Problem description:
Starting at the first line of the data and ending at the line with "-. Feature : POWERFUL", copy each line exactly. Include both of those lines, but no pictures.

Supplied information:
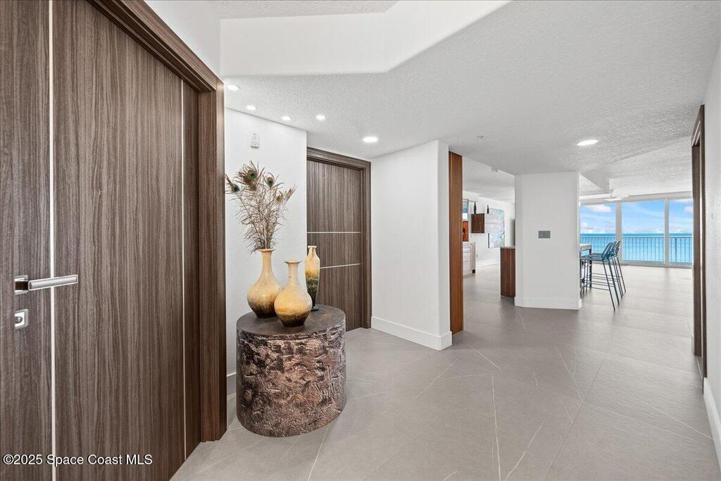 Direct Oceanfront at the exclusive Somerset! Fully renovated, this gorgeous 3 bed, 2.5 bath feels brand new with top of the line upgrades throughout. New flooring, enhanced with sound control lining in every room, all new bathrooms with high end fixtures and new impact windows and doors. Separate guest bedroom with ensuite bath, designer chef's kitchen featuring custom Swiss-manufactured wild walnut cabinets, luxurious quartz countertops with matching backsplash, and premium appliances from Wolf, Subzero, and Miele--perfect for culinary enthusiasts and entertainers alike. For convenience, the residence includes reserved underground garage parking, private clubhouse, pool and direct beach access! Located just 10 min from Melbourne International Airport and 45 min from Orlando, you'll enjoy easy access to travel, dining, and entertainment. For Space enthusiasts, enjoy spectacular views of Space X rocket launches from the privacy of your balcony! Schedule your private showing today!
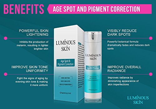 -. Feature : POWERFUL SKIN LIGHTENING: Inhibits the production of melanin, resulting in a lighter brighter skin / VISIBLY REDUCE DARK SPOTS: Powerful botanical formula dramatically fades and reduces dark spots / IMPROVE SKIN TONE UNIFORMITY: Fight the signs of aging by evening skin tone & making it more uniform / IMPROVE OVERALL RADIANCE: Improves radiance by diminishing appearance of skin imperfections / MOISTERIZE WHILE YOU BRIGHTEN: Unique formulation will moisturizes skin leaving it soft & smooth
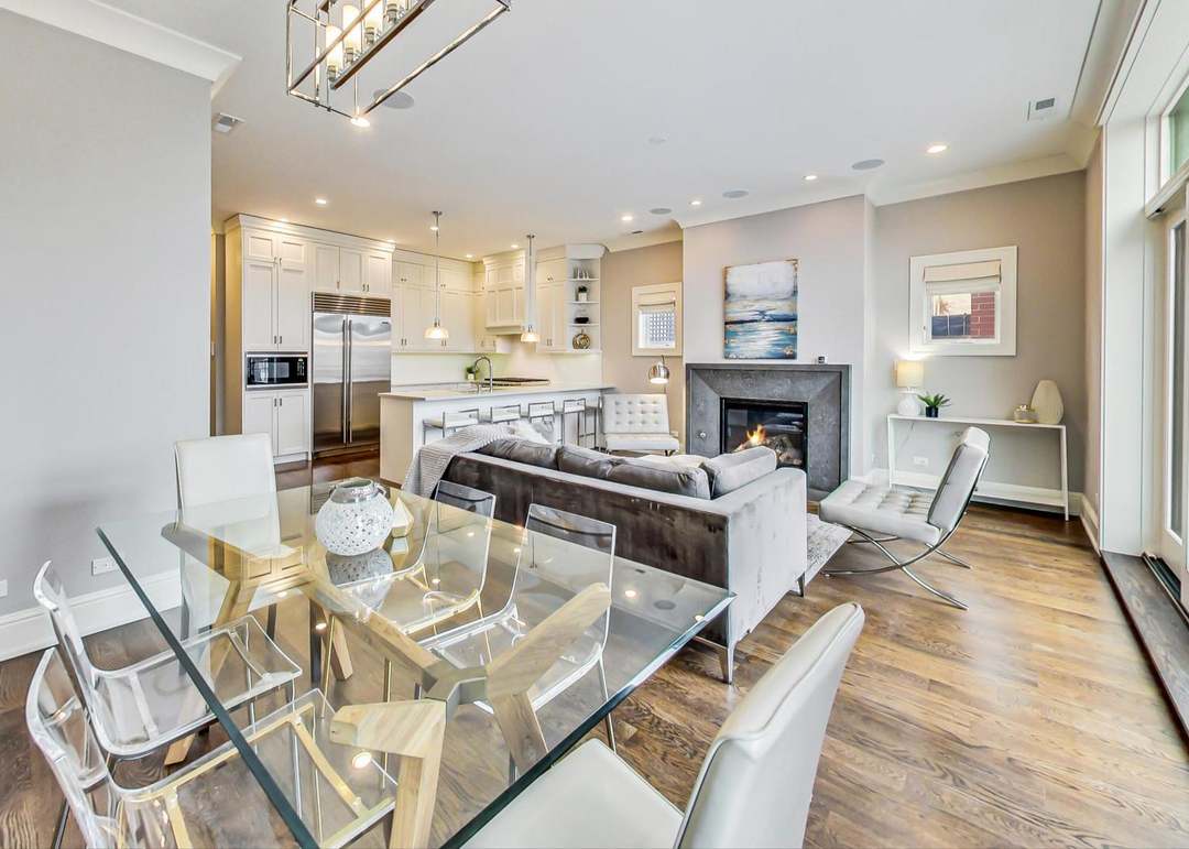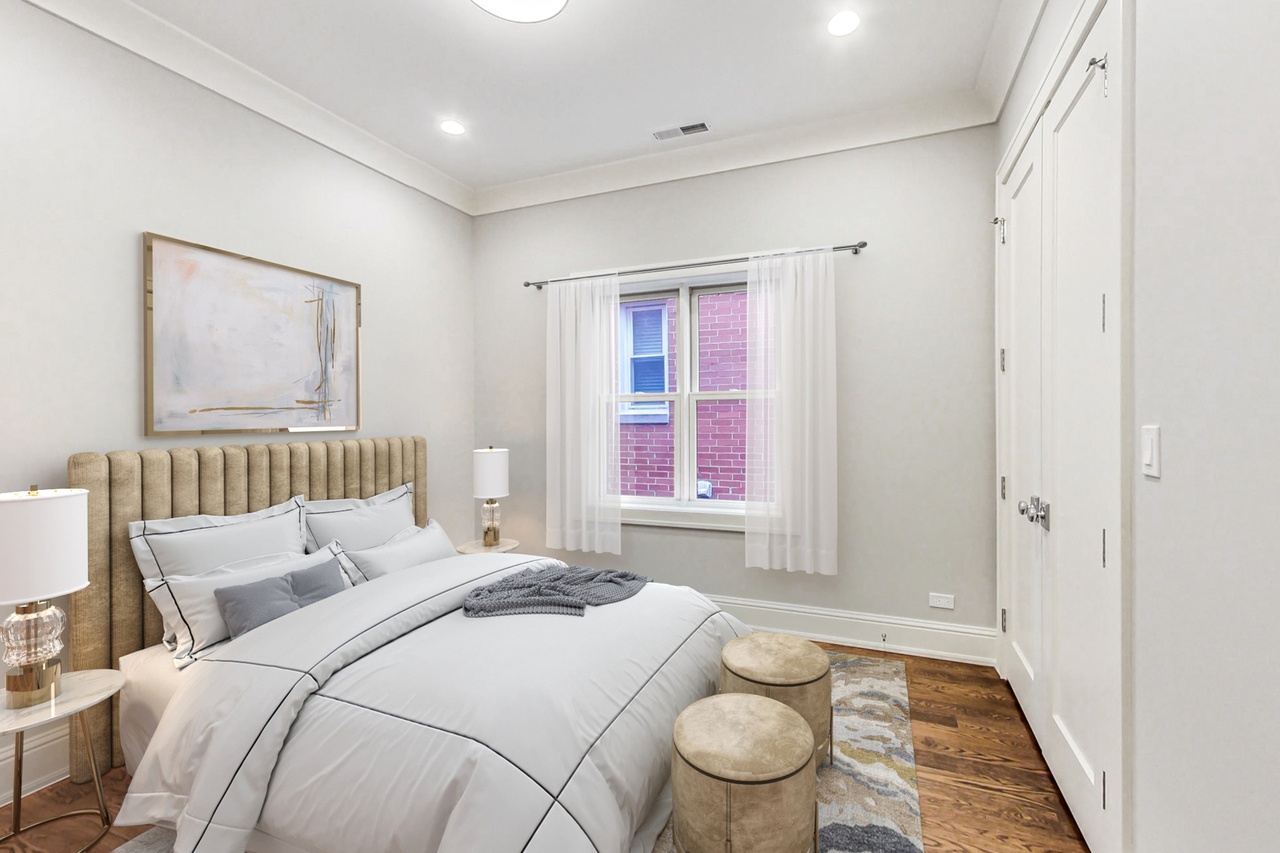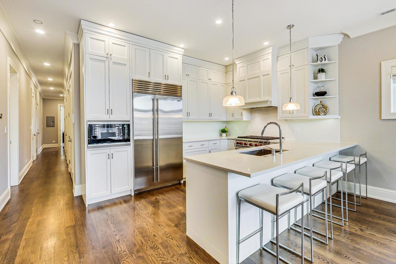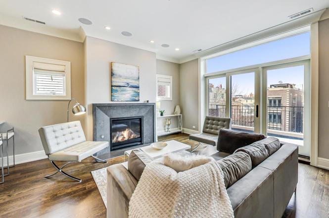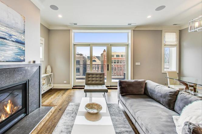 This sun-filled 3-bedroom, 2-bath penthouse, built in 2016 by Hastings Builders, offers refined design and modern convenience in the heart of East Lakeview. The wide living and dining area features a custom marble fireplace, 4-inch white oak flooring, and detailed millwork. The chef’s kitchen includes Sub-Zero, Wolf, and Asko appliances, quartzite countertops, and full-height cabinetry.

Answer box:
 Direct Oceanfront at the exclusive Somerset! Fully renovated, this gorgeous 3 bed, 2.5 bath feels brand new with top of the line upgrades throughout. New flooring, enhanced with sound control lining in every room, all new bathrooms with high end fixtures and new impact windows and doors. Separate guest bedroom with ensuite bath, designer chef's kitchen featuring custom Swiss-manufactured wild walnut cabinets, luxurious quartz countertops with matching backsplash, and premium appliances from Wolf, Subzero, and Miele--perfect for culinary enthusiasts and entertainers alike. For convenience, the residence includes reserved underground garage parking, private clubhouse, pool and direct beach access! Located just 10 min from Melbourne International Airport and 45 min from Orlando, you'll enjoy easy access to travel, dining, and entertainment. For Space enthusiasts, enjoy spectacular views of Space X rocket launches from the privacy of your balcony! Schedule your private showing today!
 -. Feature : POWERFUL SKIN LIGHTENING: Inhibits the production of melanin, resulting in a lighter brighter skin / VISIBLY REDUCE DARK SPOTS: Powerful botanical formula dramatically fades and reduces dark spots / IMPROVE SKIN TONE UNIFORMITY: Fight the signs of aging by evening skin tone & making it more uniform / IMPROVE OVERALL RADIANCE: Improves radiance by diminishing appearance of skin imperfections / MOISTERIZE WHILE YOU BRIGHTEN: Unique formulation will moisturizes skin leaving it soft & smooth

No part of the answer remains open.